Herding cats may turn out to be child’s play compared with the task of corralling what could be some two dozen Democratic candidates vying for a place on the debate stage as the party tries to pick its opponent to President Trump in 2020.
Democratic National Committee Chairman Tom Perez is expected to reveal his plans before Christmas for how many debates the DNC will sanction and how it will decide who makes the cut.
The decisions are likely to be tricky.
A debate with more than a dozen candidates could seem ridiculous, but the spectacle of shunting high-profile minority candidates to a “kids’ table” afterthought debate because they aren’t polling high enough — as the Republican Party did in 2016 — could dent the DNC’s outreach efforts.
Jane Kleeb, a DNC member from Nebraska, said she hopes the party holds a lottery in the early debates to determine who makes which grouping.
“It is a luck of a draw,” she said, adding that could rub some well-known contenders the wrong way but would help ensure the process is fair and give little-known candidates a chance to break out. “We never know who the dark horse is going to be.”
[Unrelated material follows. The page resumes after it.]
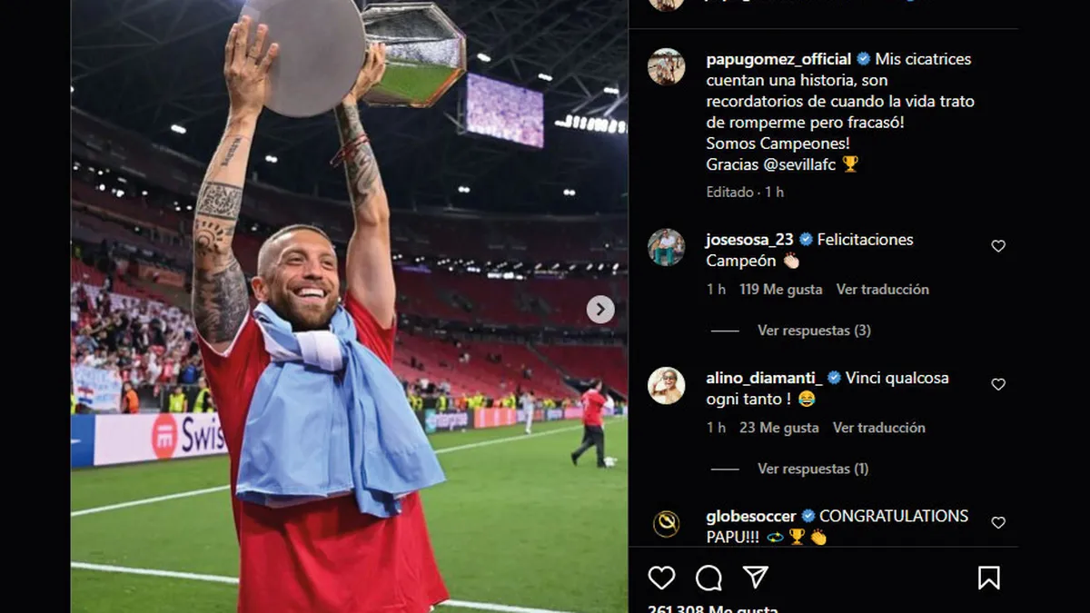 "Mis cicatrices cuentan una historia, son recordatorios de cuando la vida trató de romperme, pero fracasó", expresó el Papu en una publicación en Instagram. A pesar de sus palabras, ninguno de sus compañeros, incluyendo a los compatriotas argentinos Marcos Acuña, Gonzalo Montiel, Erik Lamela y Lucas Ocampos, le respondió o interactuó con él.

“In the beginning, I do think you have to have a level playing field or make it as level as you can make it, but after three debates, you really do know who the top contenders are,” she said.
She also urged the party to consider holding a debate in rural America.
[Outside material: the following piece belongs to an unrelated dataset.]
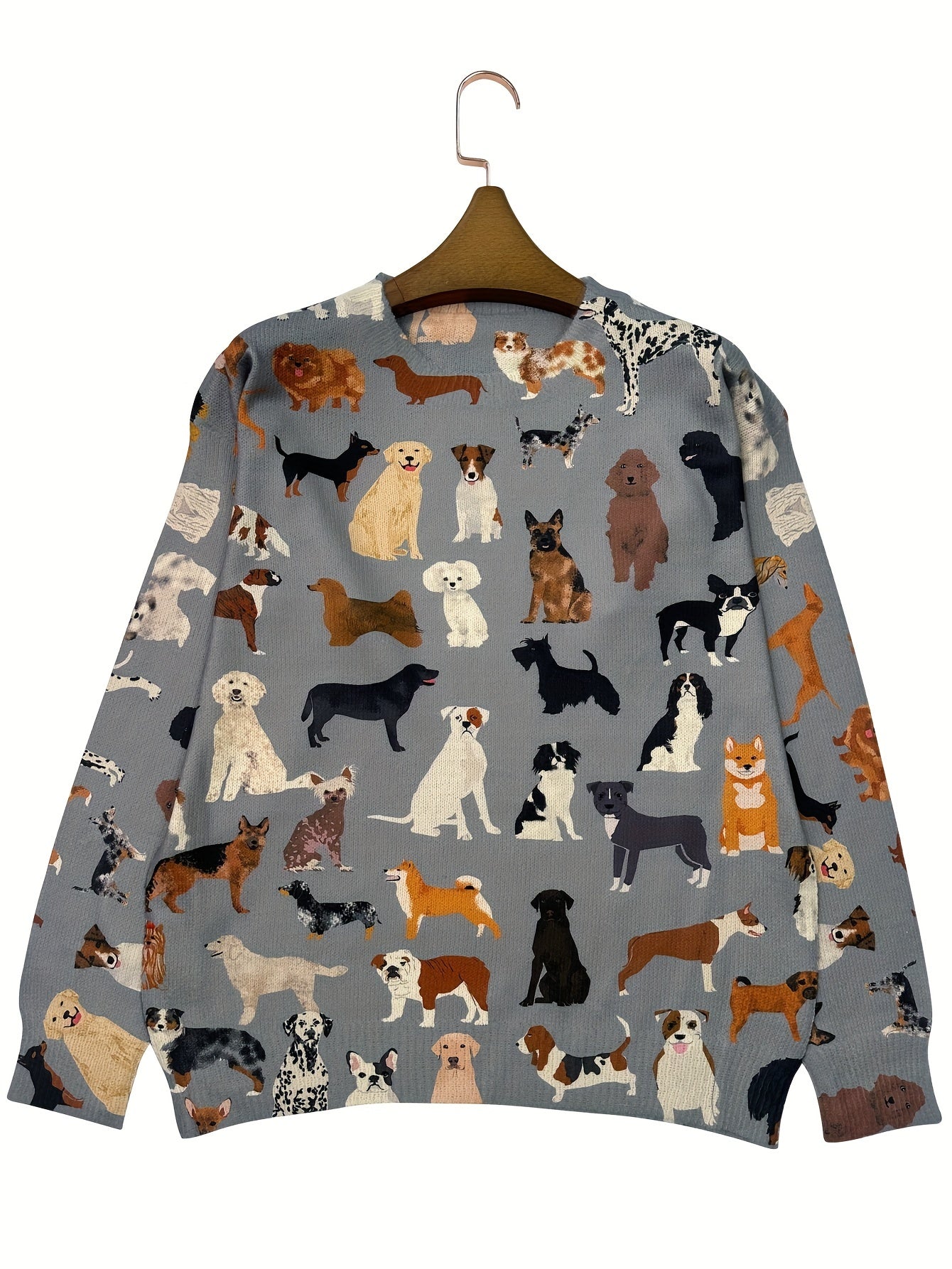 Lightweight Women's Sweater Round Neck Long Sleeves Dog Printed Casual Design

Former Maryland Gov. Martin O’Malley, who ran for the presidential nomination in 2016 and is considering another bid, said the DNC must learn from the mistakes of the last time.
Otherwise, he said, the 2020 debates will be a “bizarre cross between the Jerry Springer Show and the old celebrity game show ’Hollywood Squares.’”
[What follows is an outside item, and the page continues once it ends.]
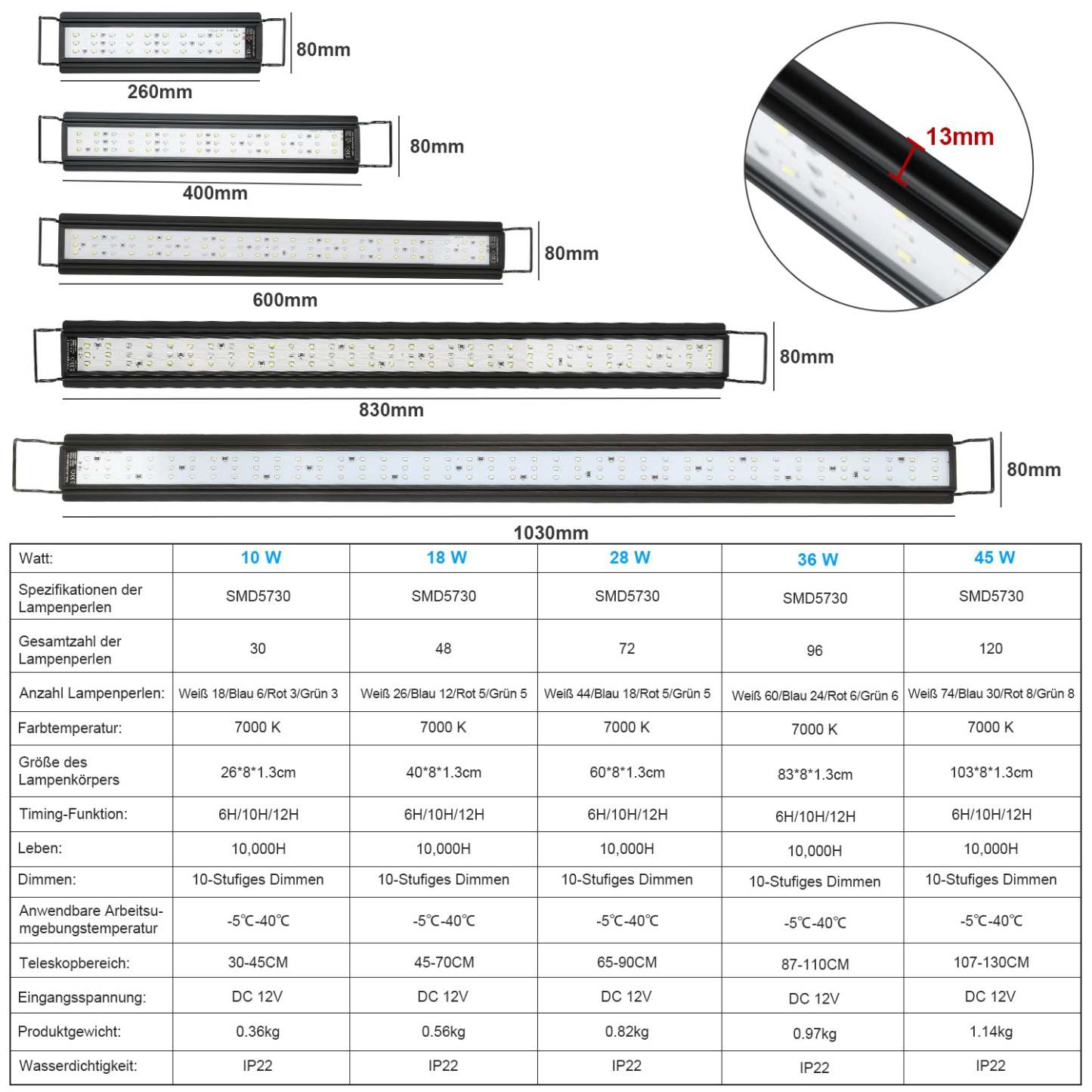 �Energiesparend und hochwertig: Die Aquarienleuchte besteht aus Aluminium, der die vom Licht erzeugte Wärme schnell ableiten und die Leuchttafel schützen kann. Hochwertige SMD-LED-Technologie kann Energie sparen und die Produktlebensdauer verlängern.

Mr. O’Malley said both parties in 2016 caved to an “infotainment” model of debates, rewarding some candidates with more attention because they made for good TV rather than because they contributed to substantive discussions.
“It is not only about the schedule; it is also about the format,” he said. “The party needs to have some semblance of equal time when it comes to these debates and if we have so many candidates that we have to have two different debates, then so be it.”
Mr. O’Malley suggested that the candidates be broken up into three tiers: “billionaires, celebrities and public servants.”
Mr. Perez has kept close wraps on the debate details that he is hashing out with a handful of party operatives, including Mary Beth Cahill, who managed John F. Kerry’s presidential campaign in 2004.
He has indicated there would be more debates than 2016, when the Democratic contenders faced off nine times. He also said he is inclined to avoid the main card-undercard format that Republicans relied on to juggle 17 candidates.
“When I ran for DNC chair, I said one of the things we are going to do to rebuild trust is to make sure that we set out a primary debate calendar long in advance of who we know will be in the race,” Mr. Perez said at a recent breakfast sponsored by The Christian Science Monitor. “Our job is to make sure that everybody gets a fair shake, and the process is fair — fair in fact and fair in perception.”
Democrats appear to have a nearly limitless — and high-powered — field shaping up, with a former vice president, a former first lady and secretary of state, a former attorney general, a former national security adviser, at least eight senators, a handful of members of the House, sitting and ex-governors and the odd billionaire or two eyeing runs.
“I want to make sure that everybody feels their candidate got a fair shake because what we have to ensure coming out of the convention is that we have a wind at our back, we have unity and we have excitement,” Mr. Perez told reporters.
That didn’t happen in the 2016 race, when the party was run by Rep, Debbie Wasserman Schultz of Florida.
Mr. O’Malley and others complained that the vast majority of debate questions were directed at Hillary Clinton and Sen. Bernard Sanders, and the debates were penciled in at odd times — falling on weekends, outside of prime time and at the same time as major sporting events.
“The debates last time where a bit of a fraud,” Mr. O’Malley said. “It was almost as if the Democratic Party didn’t want people to see our debates.”
Dave O’Brien, a DNC member from Massachusetts, said the party should strive for a process that is fair but avoids a political circus rewarding candidates with the biggest mouths saying the most controversial things to grab the limelight.
“The fear I have is the debates are going to be whoever puts out the red meat is going to be the traction for that week, but I am afraid that is not how someone is going to win long term,” he said.
When it comes to debates, he said, “you cannot please everybody.”